British Prime Minister Boris Johnson said in a speech on March 12 that the UK will adopt a strategy of herd immunity and more British families “will lose themselves before losing their loved ones.”

Report of British newspaper on Boris’ speech (source: The Times)

What is herd immunity?

Herd Immunity is a form of indirect protection against infectious diseases. This form of combating infectious diseases can only occur after most people are immune to infection, thereby protecting against lack of corresponding immunity.People [2]. Dr. Zhang Wenhong also mentioned in a recent interview that when a certain percentage of the population is vaccinated, herd immunity can be formed to protect those who have not been vaccinated [3].

Simply speaking, if everyone except you is vaccinated against an infectious disease, no one else will be infected. Although you are not immune to the disease, you are relatively safe.

Calculation of herd immunity ratio

Many people have seen this picture recently:

Blue represents non-immune healthy population, red represents non-immune diseased population, yellow represents vaccine-free and healthy population

The first case indicates that there is no immune resistance and a large area of ​​the population is infected;

The second type is that a small number of people have immunity and still have large areas of infection;

The third is that most people have immunity, which can only cause a small number of infections.
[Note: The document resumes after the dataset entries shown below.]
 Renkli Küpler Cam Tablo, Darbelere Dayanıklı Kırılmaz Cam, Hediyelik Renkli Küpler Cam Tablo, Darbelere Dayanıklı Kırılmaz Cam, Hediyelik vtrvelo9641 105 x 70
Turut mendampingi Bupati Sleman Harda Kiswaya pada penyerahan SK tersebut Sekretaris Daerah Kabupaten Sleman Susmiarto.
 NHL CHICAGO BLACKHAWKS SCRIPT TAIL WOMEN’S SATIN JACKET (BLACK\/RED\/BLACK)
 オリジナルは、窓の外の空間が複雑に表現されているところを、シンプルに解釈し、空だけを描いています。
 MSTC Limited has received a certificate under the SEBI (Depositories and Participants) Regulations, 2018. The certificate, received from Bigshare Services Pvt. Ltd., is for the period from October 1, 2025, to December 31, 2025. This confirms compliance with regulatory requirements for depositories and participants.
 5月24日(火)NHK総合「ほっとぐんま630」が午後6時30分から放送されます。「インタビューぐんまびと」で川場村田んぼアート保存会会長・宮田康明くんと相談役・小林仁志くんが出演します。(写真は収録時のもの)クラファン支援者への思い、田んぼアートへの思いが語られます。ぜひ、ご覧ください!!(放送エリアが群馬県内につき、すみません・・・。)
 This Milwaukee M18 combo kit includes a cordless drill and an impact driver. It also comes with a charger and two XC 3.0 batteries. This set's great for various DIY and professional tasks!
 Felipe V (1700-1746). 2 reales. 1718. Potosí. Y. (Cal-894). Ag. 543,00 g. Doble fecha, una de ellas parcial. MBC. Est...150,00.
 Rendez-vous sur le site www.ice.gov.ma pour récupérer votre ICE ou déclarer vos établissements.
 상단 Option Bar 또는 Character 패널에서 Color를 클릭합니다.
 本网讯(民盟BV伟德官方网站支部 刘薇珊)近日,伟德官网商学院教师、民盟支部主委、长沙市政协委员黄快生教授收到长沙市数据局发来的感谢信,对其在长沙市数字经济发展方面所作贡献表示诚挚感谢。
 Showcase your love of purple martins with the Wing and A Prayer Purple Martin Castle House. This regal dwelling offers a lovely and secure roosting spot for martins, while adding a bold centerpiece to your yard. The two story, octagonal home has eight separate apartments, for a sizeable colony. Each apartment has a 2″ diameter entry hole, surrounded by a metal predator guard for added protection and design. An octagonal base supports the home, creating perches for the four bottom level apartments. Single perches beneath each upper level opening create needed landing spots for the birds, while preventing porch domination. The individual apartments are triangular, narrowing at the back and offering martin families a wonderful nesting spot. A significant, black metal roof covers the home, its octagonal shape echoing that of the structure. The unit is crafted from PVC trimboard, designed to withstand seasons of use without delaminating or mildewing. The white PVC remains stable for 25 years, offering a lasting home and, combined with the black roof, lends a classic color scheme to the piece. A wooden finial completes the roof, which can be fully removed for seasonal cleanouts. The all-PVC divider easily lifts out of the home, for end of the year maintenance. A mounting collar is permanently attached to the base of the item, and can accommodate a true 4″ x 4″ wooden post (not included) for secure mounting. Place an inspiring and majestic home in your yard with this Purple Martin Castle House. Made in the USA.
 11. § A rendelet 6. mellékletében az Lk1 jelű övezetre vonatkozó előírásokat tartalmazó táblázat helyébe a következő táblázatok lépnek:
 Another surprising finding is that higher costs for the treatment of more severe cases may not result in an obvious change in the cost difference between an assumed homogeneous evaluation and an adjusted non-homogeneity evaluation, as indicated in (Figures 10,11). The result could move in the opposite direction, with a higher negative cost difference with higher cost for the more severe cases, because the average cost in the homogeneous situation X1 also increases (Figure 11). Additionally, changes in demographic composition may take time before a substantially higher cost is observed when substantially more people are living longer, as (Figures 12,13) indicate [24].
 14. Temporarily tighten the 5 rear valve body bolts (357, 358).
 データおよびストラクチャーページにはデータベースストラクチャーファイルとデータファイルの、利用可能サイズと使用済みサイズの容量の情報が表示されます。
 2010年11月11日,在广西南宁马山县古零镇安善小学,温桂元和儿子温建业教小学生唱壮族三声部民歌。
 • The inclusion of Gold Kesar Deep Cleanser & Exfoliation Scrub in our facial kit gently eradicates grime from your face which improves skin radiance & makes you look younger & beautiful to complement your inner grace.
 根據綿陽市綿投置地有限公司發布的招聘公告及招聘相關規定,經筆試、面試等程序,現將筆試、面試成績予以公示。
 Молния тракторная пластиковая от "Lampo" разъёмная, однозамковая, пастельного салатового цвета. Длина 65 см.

Looking at the picture, we can roughly understand that when the vast majority of people have been immunized, then the susceptible population is also safe, but how to calculate the majority proportion

The first concept is introduced here, which is also familiar to us, R0 (we mentioned it before when we talked about the epidemic prediction model). Basic reproduction number (R0) In epidemiology, it refers to a patient infected with a certain infectious disease without external intervention and no one has immunity. The average number of individuals who will spread the disease.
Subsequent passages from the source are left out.